City Theatre strikes gold again with political metafiction
When people use the term "Brechtian," it's easy to picture the aesthetic choices that often characterize Brecht's work: presentational and unrealistic acting styles, an excess of multimedia elements, puppetlike movement, direct audience confrontation, herky-jerky Teutonic carnival music. But the biggest and most essential element of the Brechtian theatre is that audiences must constantly be aware that what they are seeing is not real, except when it is. They are meant to be kept engaged, mentally on the edge of their seats parsing what they are witnessing. Few contemporary American plays do Brecht as well as Heidi Schreck's What the Constitution Means to Me, as directed by Marc Masterson at City Theatre.
The play is deceptively simple, though it blends multiple timelines and threads of narrative or philosophical exploration. Tami Dixon, Pittsburgh actor, plays Heidi Schreck, author and actor... but she also plays Tami Dixon, Pittsburgh actor, in scripted moments... and then IS the nonfictional Tami Dixon, Pittsburgh actor in unscripted moments. Tami-as-Tami-as-Heidi is performing the role of Heidi performing as her younger self, who paid for college by touring the country giving prizewinning (albeit naive) lectures on the United States Constitution. As the adult Heidi puzzles out her own family history over multiple generations, and how the Constitution's "penumbra" of undefined rights has impacted her in the long run, the narrative splinters and the divides between Tami, Heidi and young Heidi grow fuzzier.
There is also the constant presence of an old white Legionnaire (Ken Bolden), who doubles as Mike, a decidedly less stuffy friend of Heidi's. Positive and negative masculinity are always there on stage, either glowering or looking on approvingly, from the same body. As if things weren't complex and fluid enough already, we add in "the debater," a local high school student playing a fictionalized version of herself, and then a nonfictionalized version of herself. At my performance the debater was Swaty Mylarappa, eloquent, funny and unvarnished both as herself and as "herself."
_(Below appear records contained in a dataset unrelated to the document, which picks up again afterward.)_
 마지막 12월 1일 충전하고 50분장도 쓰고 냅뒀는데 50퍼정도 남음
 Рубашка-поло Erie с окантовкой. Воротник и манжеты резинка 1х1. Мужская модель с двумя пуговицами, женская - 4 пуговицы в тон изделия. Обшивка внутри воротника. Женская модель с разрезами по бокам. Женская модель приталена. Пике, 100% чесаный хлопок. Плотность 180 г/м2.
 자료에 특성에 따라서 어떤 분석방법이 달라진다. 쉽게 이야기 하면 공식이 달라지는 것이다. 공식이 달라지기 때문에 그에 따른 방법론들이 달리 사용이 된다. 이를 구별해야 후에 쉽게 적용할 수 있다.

These three performers are doing extraordinary work with a very complex script- part Brechtian call to action, part NPR monologizing. Tami Dixon is a pro at this sort of thing- I remember her show South Side Stories with great fondness. She rides the realistic and nonrealistic currents of the show with equal aplomb, and will be an awards contender this year for sure. Ken Bolden doesn't have as much to do, but his mix of caricature and realism as the Legionnaire and Mike is a gently winning performance; even the way his body language changes from stuffy to threatening to loosey-goosey and gentle tells a whole story.
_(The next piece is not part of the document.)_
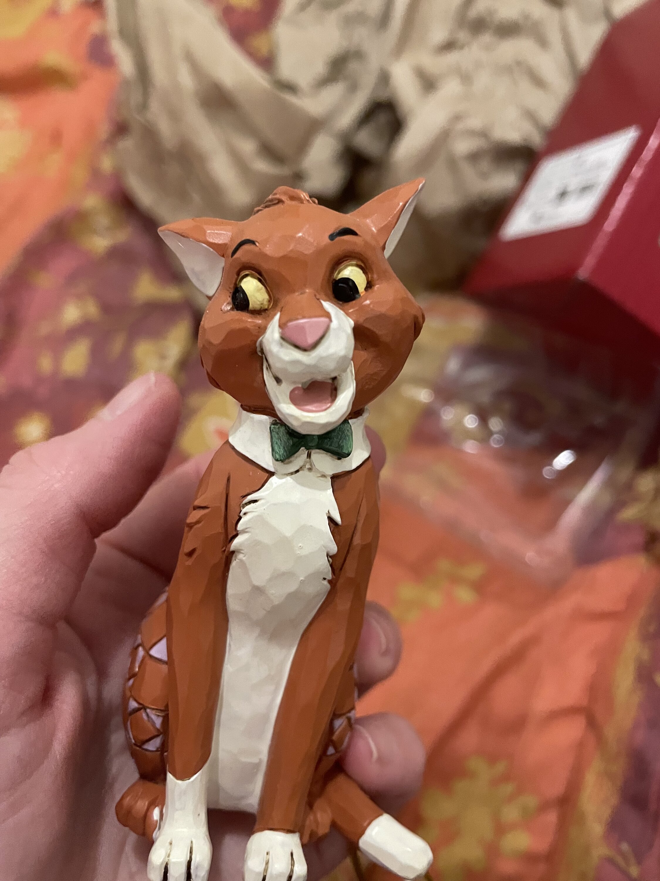 Festeggia il 55° anniversario Gli Aristogatti con questa affascinante interpretazione di Thomas O'Malley, il gatto randagio, che ha trovato la sua nuova casa con Duchessa e i gattini. Con un elegante collare a fiocco e dettagli patchwork, posa con amore negli occhi.
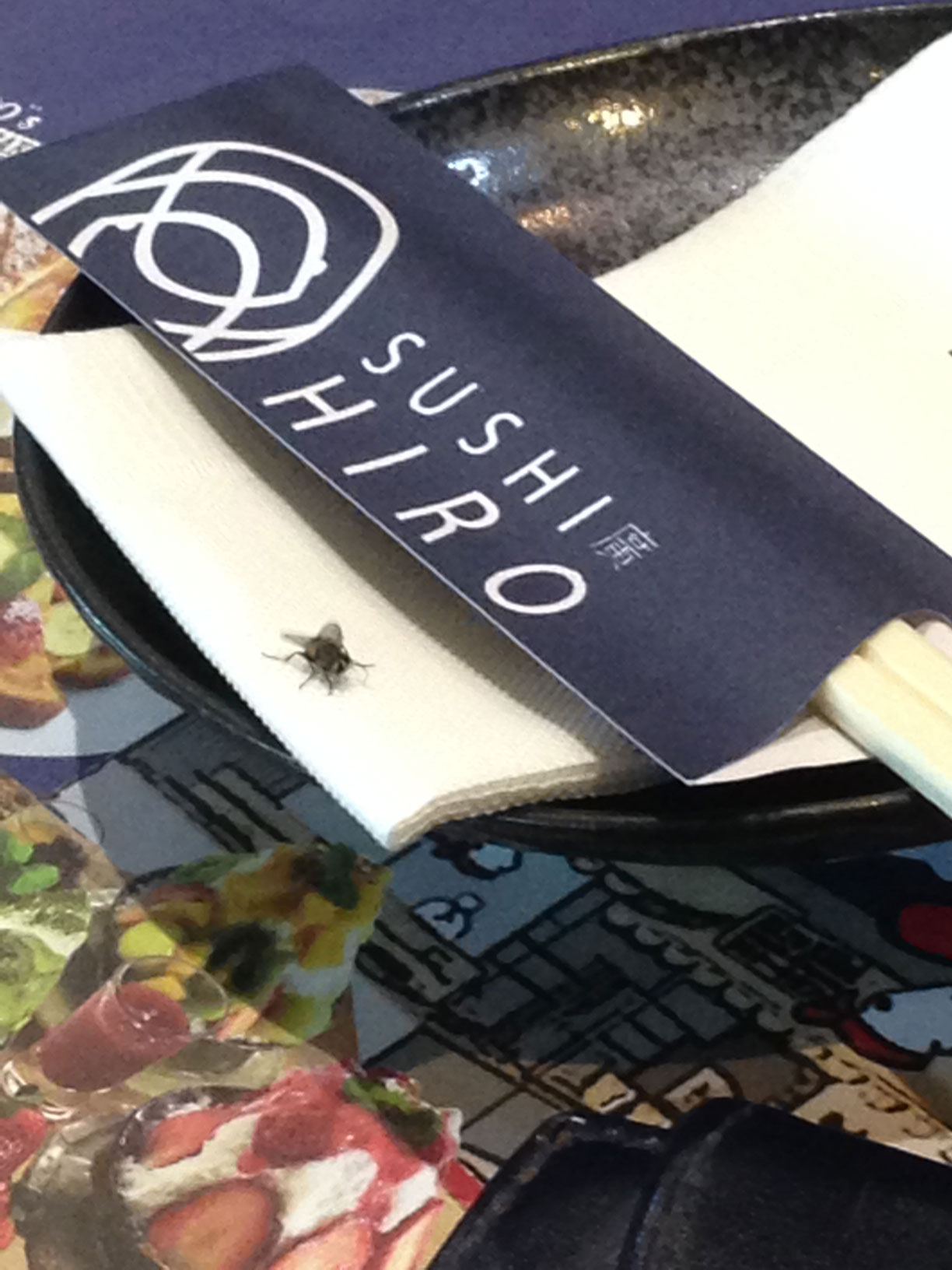 ไม่นาน อาหารมาเสริฟ กำลังจะคีบคำที่สองเข้าปาก ตาเหลือบเห็นแมลงวันบินมาเกาะป้ายโปรโมชั่นข้างๆ พอเห็นตัวหนึ่งเท่านั้นแหล่ะ อีกสองสามตัวก็กลัวน้อยหน้า พากันมาเข้าสายตากันใหญ่ ทนไม่ไหว เรียกพนักงานมาแจ้งให้ทราบ พนักงานไม่พูดอะไร เอามือหยิบสิ่งที่แมลงวันเกาะอยู่ออกไปแบบพยายามให้มือนี่งที่สุด พอแมลงวันบินออกไปก็นำกลับมาวางที่เดิม จบ ตัวอื่นที่เกาะอยู่ในรัศมีสายตาก็ไม่สนใจจะเห็น

I don't want to say too much about what happens in the show. Some of it is very familiar political debate. Some of it is tragicomic "the personal is political" one-woman theatre. At least some is very funny, even absurd. There are sock monkeys. There is genocide. The line between what is scripted and what is nonscripted, what is acting and what is direct address, will get VERY fuzzy. Take the ride. Embrace it. Don't be afraid to participate or talk back during the final third of the show, a breezy, seriocomic debate on a subject so broad it seems almost cartoonish to discuss it so casually. Take your pocket Constitution home with you. And think: what does the Constitution mean to YOU?